If you read my blog on January 3, you would know that I only read 4 other blogs. So, Friday afternoon, during a rare eclipse when The Nosy Meap was asleep, The Middle Child was intently studying his Sea Monkey bowl looking for hatchlings and all my home/work chores were done, I decided to take a gander and look at my “competition”.
Well, it is now apparent to me why I am not famous and companies aren’t blowing my phone up to sponsor my blog.
I do not write actual curse words when I blog.
Yet, readers L-O-V-E filthy curse words.
For those of you who know me, I do love to curse. My husband loves to curse. We love to discover new creative and inventive curse words. We like to make curse words up. We are amazed that the worst word The Oldest has ever said was “dammit”, and we are pretty sure he heard it from my Dad.
BlogReaderCommenter’s love curse words. The more, the better. They seem to like when the f word is used in all tenses and used often. BlogReaderCommenter’s also squeal with delight when the blogger calls someone a d-bag. Everyone loves that word.
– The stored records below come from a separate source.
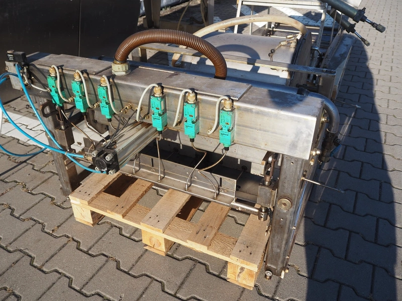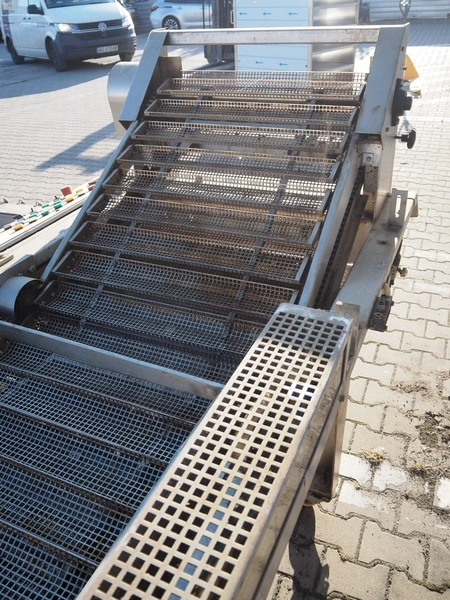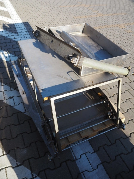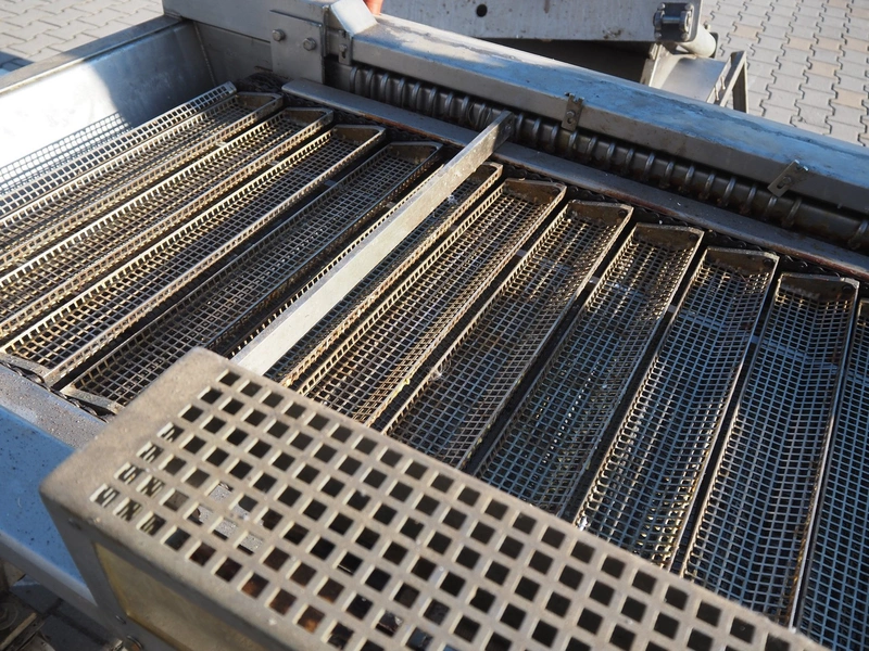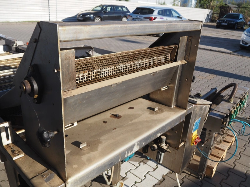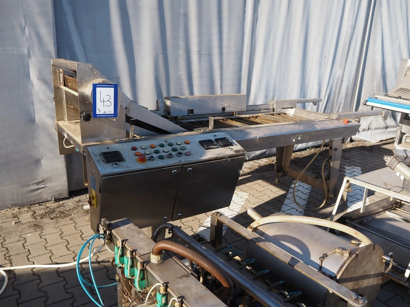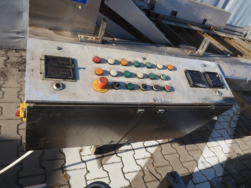 Reimelt donut fryer, type: EL 6-1000, year of construction: 1993, 380 V, 3 Ph, 50 Hz, 18.5 kW, dimensions baskets: 590 mm x 90 mm, elevating outfeed height: 1200 mm, total dimensions: 3100 mm x 1280 mm x 1410 mm. Including 2 pallets with parts, of which amoung others a dosing unit.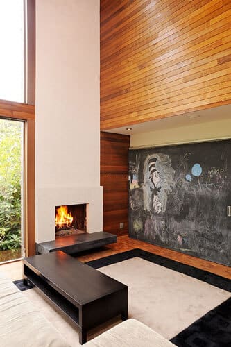 He reconfigured the entry from the carport to add a mudroom and powder room, and opened up the stairway to the lower level. To lighten things up, he added white-painted drywall to the cedar paneling along the interior partition walls, added more windows and slide-fold glass doors to the west end of the house, and refaced the original brick fireplace with off-white Milestone, a mix of cement and acrylic. On the lower level, the large space was reconfigured to create a more defined living area, a bedroom for each child, and a new children’s bathroom; the original lower-level bedroom is now a flexible media room that can be closed off with huge chalkboard-covered sliding doors to become a guest suite. To complete the new look, they added modern furniture, new appliances, all in a black and white theme which contrasts very well with the warmth of the wood.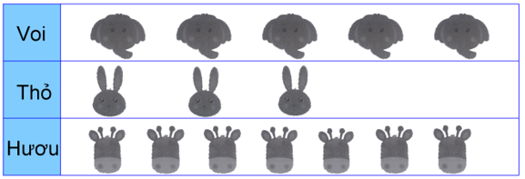 c) Số con hươu nhiều hơn số con voi là  2 con.

Unfortunately for me, I don’t think I need to throw F bombs into every paragraph I write- regardless if I actually say them in every paragraph I speak. I think I can make you chuckle and you can get the picture by saying *($#*. There is something about the written curse word that makes me feel… a teensy bit dirty?
Even when I called my little Southern town of Tallahassee home, where women don’t curse with the urgency and frequency of my new Northern brethren (look for upcoming blog, Northern Preschool Mom’s versus Southern Preschool Mom’s), I would say “Shut the front door!” versus “Shut the *$& up!”. (My favorite phrase upon hearing juicy gossip). I think written curse words threaten my journalistic integrity. (Ok, stop laughing now). I am not pretentious- besides all that silly hyphen stuff, I am well aware I could not feed the family if I decided to pursue a career in writing. I can barely pay for summer vacation in my actual profession of sales. I recently consulted with my bff (I tend to try to surround myself with actual talented and sparkly people. It makes me feel a little better about myself) who is a published pedigreed journalist, and she agreed with me.
Not that I should bet the farm on her. She once left a feta salad from Eatzi’s in our trashcan over the course of a weekend. By Sunday, it smelled like dead mice.